This problem came up at breakfast. Alice and Bob have 20 different coloured cups and $10$ different coloured plates. They always set the table so that each has a plate and a cup. How many different ways are they able to do this?
I have an answer which seems to be correct but the thing which shocks me is the size of this number. There are $4.5(10^{23})$ ways to do this for the above example. Have I done something wrong?
My answer: for n cups and r plates, where n>r, the number of unique unordered subsets with r elements of the n cups is given by the binomial coefficient nCr. As the ordering of these cups matters when assigning them to the plates we permute these r times by multiplying by r!. Thus, the number of cup-plate combinations K is given by:
$K = \binom{n}{r}r! = \frac{n!}{(n-r)!}$
For $20$ cups and $10$ plates this is $6.7e11$ options.

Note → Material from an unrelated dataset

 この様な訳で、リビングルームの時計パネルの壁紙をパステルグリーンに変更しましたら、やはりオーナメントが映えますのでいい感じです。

Now we assign these options to Alice and Bob using a special case of the above formula where $r=2$. The number of ways to set the table N is given by:
$N=K(K-1)$
This gives $4.5e23$ ways of setting the table for 20 distinct cups and $10$ distinct plates for $2$ people.
This number is so big I can hardly believe it. For small examples however, the first formula holds. For example one can check these cup (C) and plate (P) combinations:
$2C, 1P \rightarrow 2$ combinations
$3C, 2P \rightarrow 6$ combinations
$4C, 2P \rightarrow 12$ combinations
$4C, 3P \rightarrow 24$ combinations
$5C, 3P \rightarrow 60$ combinations
Anybody care to confirm or repute this?
Okay, let's first look at the answer. Then you might realise where you have gone wrong. If not I have explained it at the end.

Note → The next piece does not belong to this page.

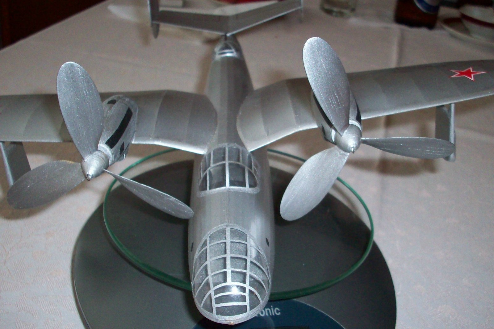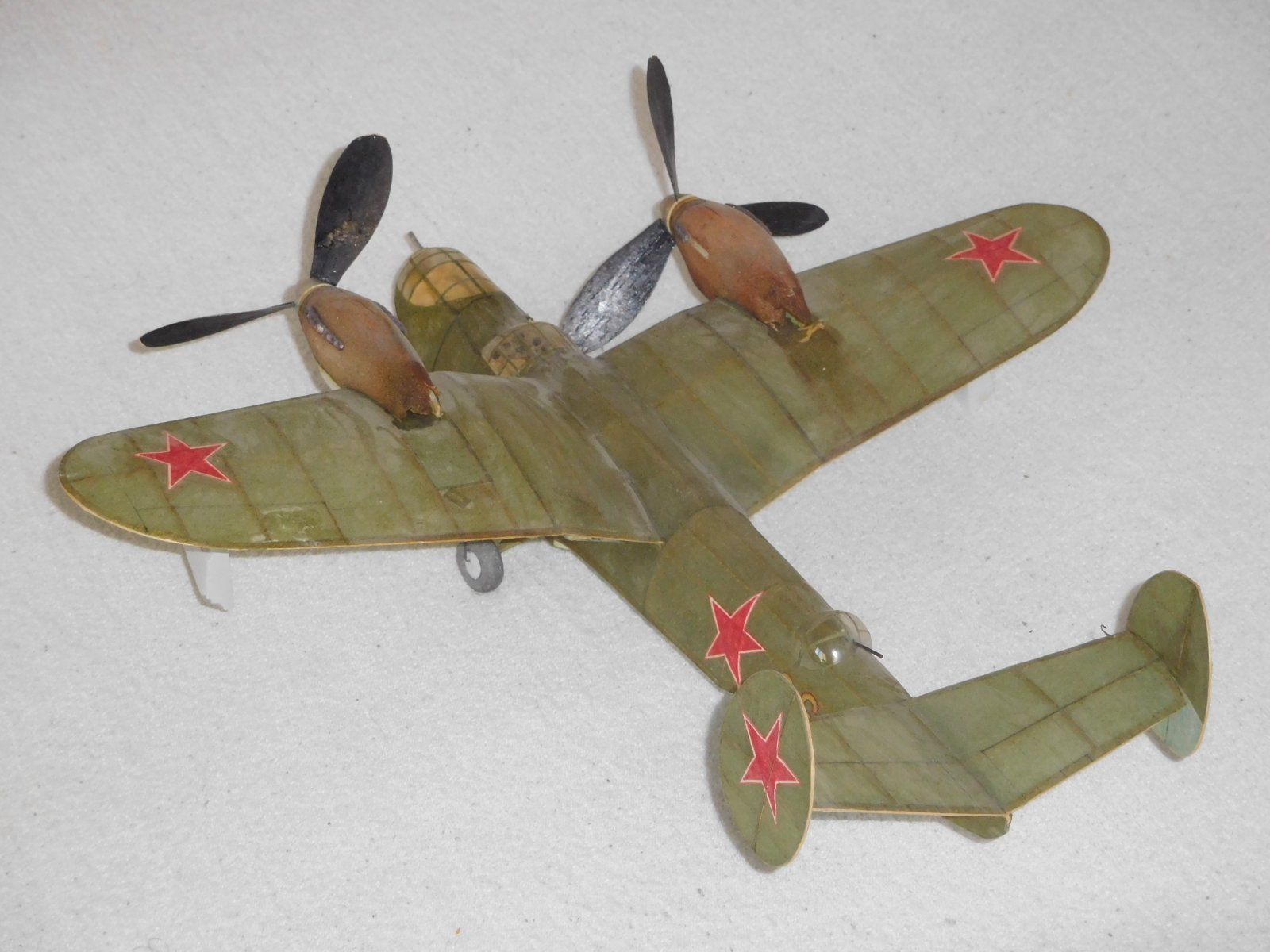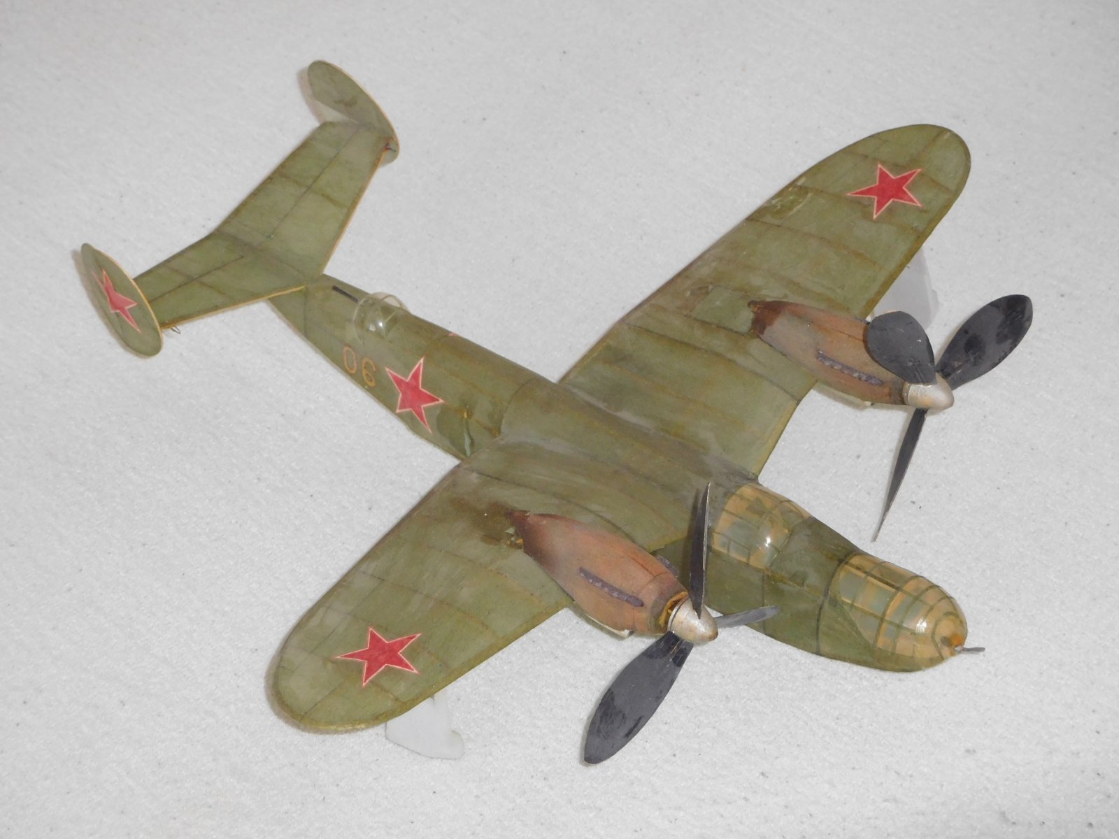 Historie této zajímavé amfibie hezky popsal v L+K V. Němeček, tam jsou i dvě fotky a 3p dvou verzí. Jedná se o mimořádně vhodný typ dvoumotoráku pro soutěže halových modelů M-oř a M-pist. Byla to velká výzva pro mne dokázat, že umím vyhrávat tyto soutěže i s modelem naprosto odlišné koncepce, než byl úspěšný superlétavý Kalinin K-5. HLavně se jednalo o nádherné soutěže v Novém Mestě nad Váhom pořádané ign. Gašparínem jako Československo-sovětský pohár. Ten pohár byl moc hezký viz foto. V nízké jen 8 m vysoké hale model létal 5O s,

Giving n cups, r plates to 2 people.
There are $n$ cups. So give them each one cup. Choose 2 cups in $ ^nC_2$ ways and distribute to them in $2!$ ways. I hope you are familiar with the permutation notation. $$ ^nP_r = \frac{n!}{(n-r)!}$$
That will make the number is ways to pick the cups $$ ^nC_2 \times 2! = \frac{n!}{(n-2)!} =\ ^nP_2 $$
Then there are $r$ plates. Pick two and allot in the same way. That means we can distribute the plates in $\ ^rP_2$ ways.
Therefore $n$ cups and $r$ plates can be picked for 2 people in $ ^ nP_2\times \ ^rP_2$ ways. For this problem, $n=20$ and $r=10$. So there are $ ^ {20}P_2\times \ ^{10}P_2$ ways. This number is equal to $$\frac{20!}{18!}\times \frac{10!}{8!}=20\times 19 \times 10\times 9=34200$$.
Now coming to the part where you have gone wrong, first you did $ ^nP_r$. That means you have found out the number of ways to couple the cups and the plates. And then you said you wanted to do $K(K+1)$ which obviously is $\ ^KP_2$. That means you are giving from among $K$ things to two people. That's fine, but look at what are those $K$ things are. They are the number of ways you can couple the cups and plates. You are distributing to 2 people from the number of ways. You can't distribute the number of ways. You can distribute cups, or plates, but not ways.
Now, I get your line of thought. You thought that at the end, each of Alice and Bob will get a pair of cup and a plate. So you are counting how many ways they can be coupled. And then picking 2 couplings out of those and giving one to each. But you have to remember that all these couplings will not exist simultaneously. Those $K$ couplings comprise of plate 1 coupled with cup 1, and also plate 1 coupled with cup 2. Obviously, the case, where you pick these two couplings and give them each to Alice and Bob, is invalid.